In this episode of the IDS Between the Lines podcast, IDS Fellow Amrita Saha interviews James Bacchus about his book: Trade Links: New Rules for a New World. James is a Distinguished University Professor of Global Affairs and Director of the Center for Global Economic and Environmental Opportunity at the University of Central Florida.
In the book and podcast, James argues that the World Trade Organisation (WTO) can survive and continue to succeed only if the trade links among WTO members are revitalised and re-imagined. He explains how to bring the WTO into the twenty-first century, exploring the ways it can be utilised to combat future pandemics and climate change and advance sustainable development, all while continuing to foster free trade.
Related: Interested in inclusive trade? Sign up for our Making Trade Policy Inclusive online course now.
About the author
James Bacchus is the Distinguished University Professor of Global Affairs and Director of the Center for Global Economic and Environmental Opportunity at the University of Central Florida. He was a founding judge and was twice the Chairman – the chief judge – of the highest court of world trade, the Appellate Body of the World Trade Organization in Geneva, Switzerland.
He is a former Member of the Congress of the United States, from Florida, and also a former international trade negotiator for the United States.
He is a Global Fellow of the Centre for International Governance Innovation in Canada and an Adjunct Scholar of the Cato Institute in Washington, D.C. He is the Pao Yue – Kong Chair Professor at Zhejiang University in Hangzhou, China. He served on the High-Level Advisory Panel to the Conference of Parties of the United Nations Framework Convention on Climate Change, chairs the global Commission on Trade and Investment Policy of the International Chamber of Commerce, and chaired the global sustainability council of the World Economic Forum.

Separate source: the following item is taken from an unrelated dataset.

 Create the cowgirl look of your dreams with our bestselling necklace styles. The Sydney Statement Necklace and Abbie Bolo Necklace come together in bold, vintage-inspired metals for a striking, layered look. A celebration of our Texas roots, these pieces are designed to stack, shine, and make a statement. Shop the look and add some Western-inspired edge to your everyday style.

For more than fourteen years, he chaired the global practice of the largest law firm in the United States and one of the largest in the world. Professor Bacchus is the author of the books Trade and Freedom, published by Cameron May in London in 2004, and The Willing World: Shaping and Sharing a Sustainable Global Prosperity, published by Cambridge University Press in 2018.

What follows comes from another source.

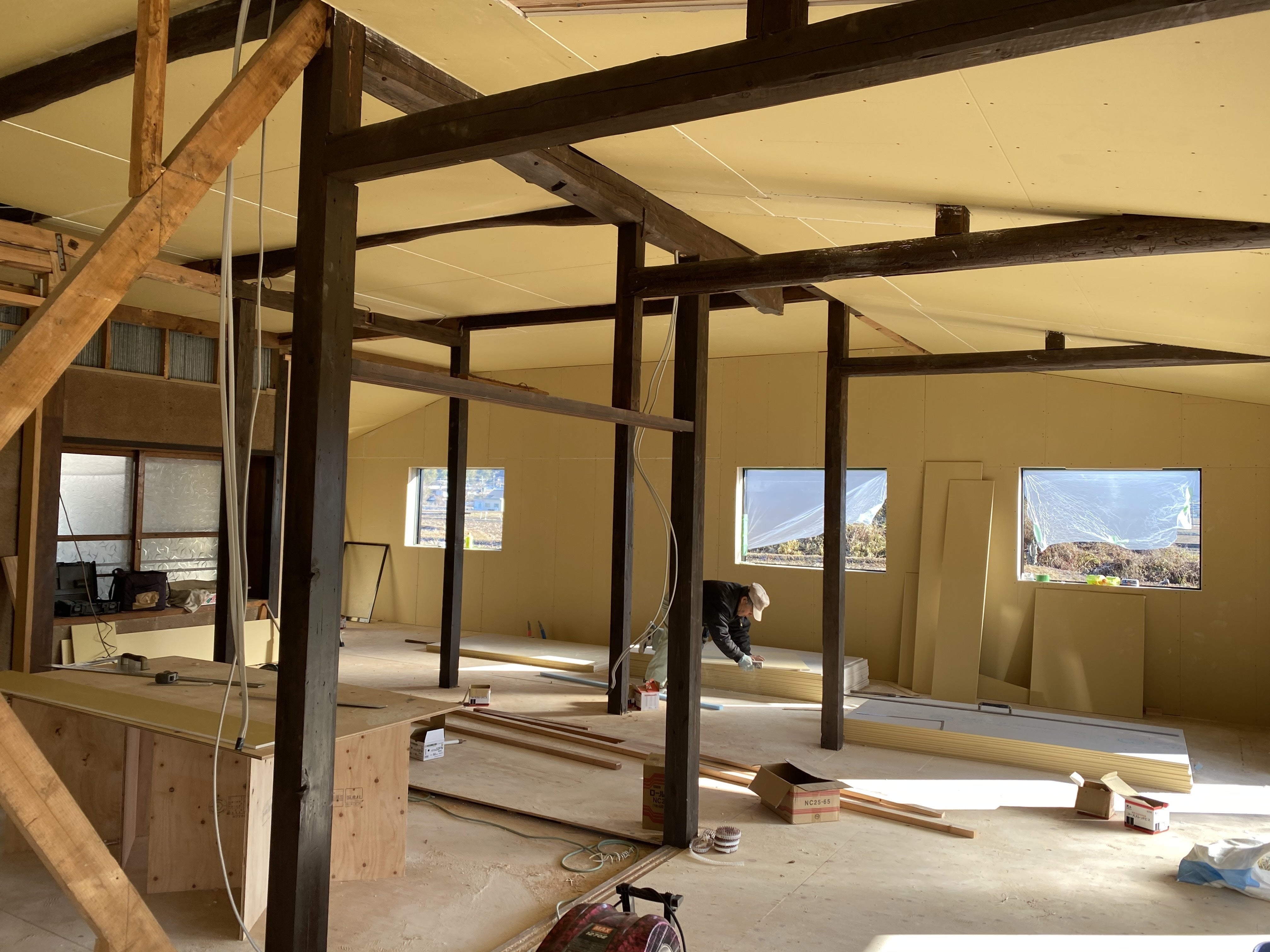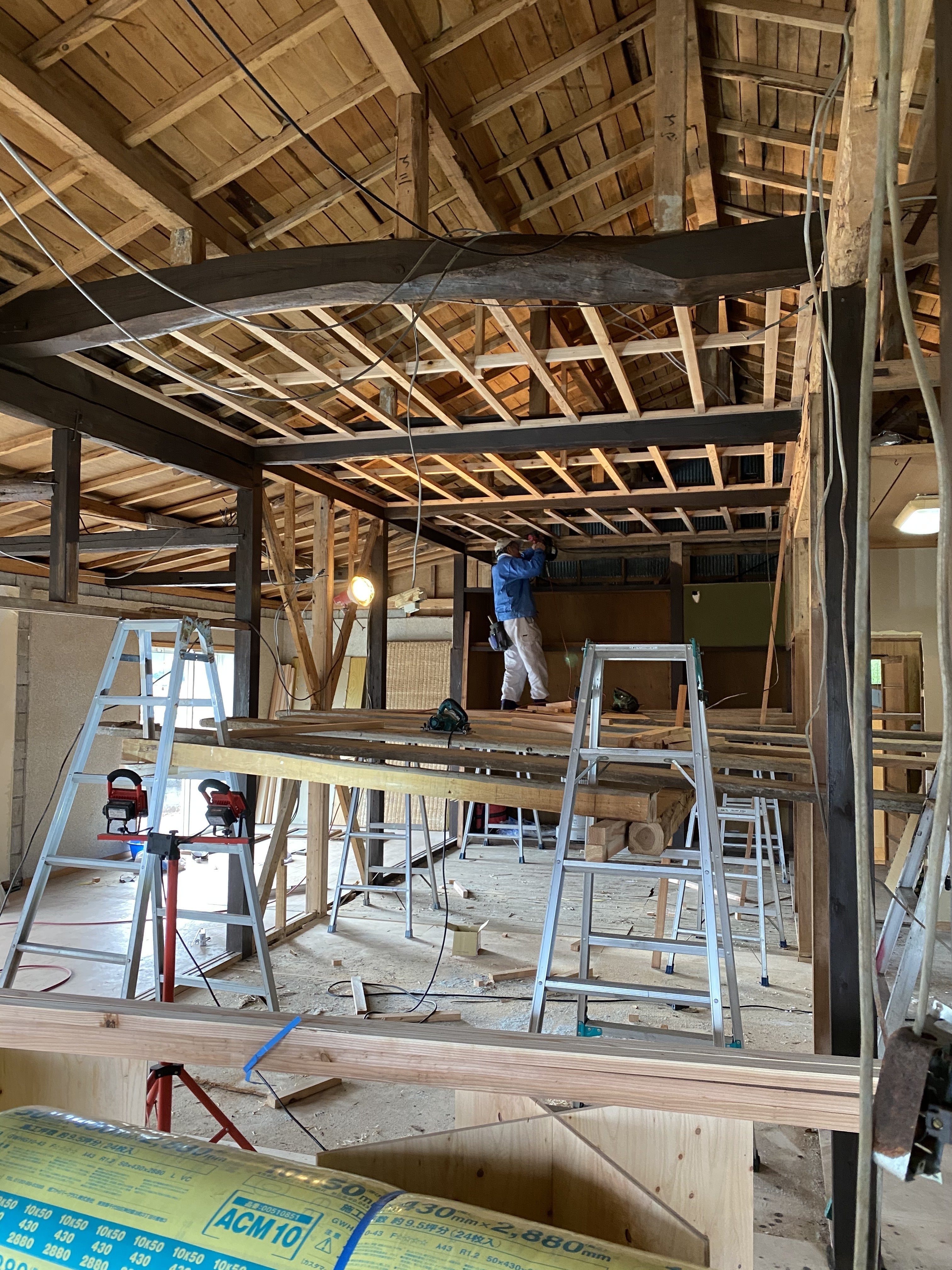 2021/03/02 10:50おはようございます、門田です☀活動報告第2弾は塗装開始・大工さん合流編です!解体がある程度終わったので防腐剤入りの塗料を完成時見える予定の梁にせっせと塗っていきます。社長もせっせと塗装中☆埃を落としやすりをかけ、私たちは埃まみれの木屑だらけ(笑)加えて高所恐怖症のわたしはブルブルしながら脚立に上りめいっぱい手を伸ばして真上を塗るしかなかったため、、こうなりました、、この後連日こうなりました(笑)油性塗料なので絶望しましたがお化粧と一緒に落とせました( ;∀;) !ちなみに現時点で工事期間の約2か月により3段脚立の一番上に!なんと!!立てるようになりました°˖✧◝(⁰▿⁰)◜✧˖°(足はブルブル)床に断熱材を入れていきますそして地元の大工さんも合流して床、壁を作っていきました。これも大工さんの指示を仰ぎながらスタッフもせっせと作業、、、筋肉痛の日々に終わりが来ません。スタッフの体の平穏はいつ訪れるのか、、次に続きます、、、 もっと見る

He is a frequent writer in leading publications and a frequent speaker on prominent platforms worldwide on numerous topics relating to international law and international political economy.
About the interviewer
Amrita Saha is an economist with a focus on political economy and development. She works with the Rural Futures and the Business, Markets and State clusters at IDS. Her ongoing research explores the political economy of trade protection, agricultural commercialization in Sub-Saharan Africa, innovation and inclusive structural change. Amrita holds a PhD in Economics from the University of Sussex. Her past research roles have included working with the Commonwealth Secretariat in London, the Ministry of Commerce in India, WTO Geneva, and United Nations ESCAP. She has also taken up various teaching roles at IDS, LSE, SOAS, University of Sussex, and University of Bath.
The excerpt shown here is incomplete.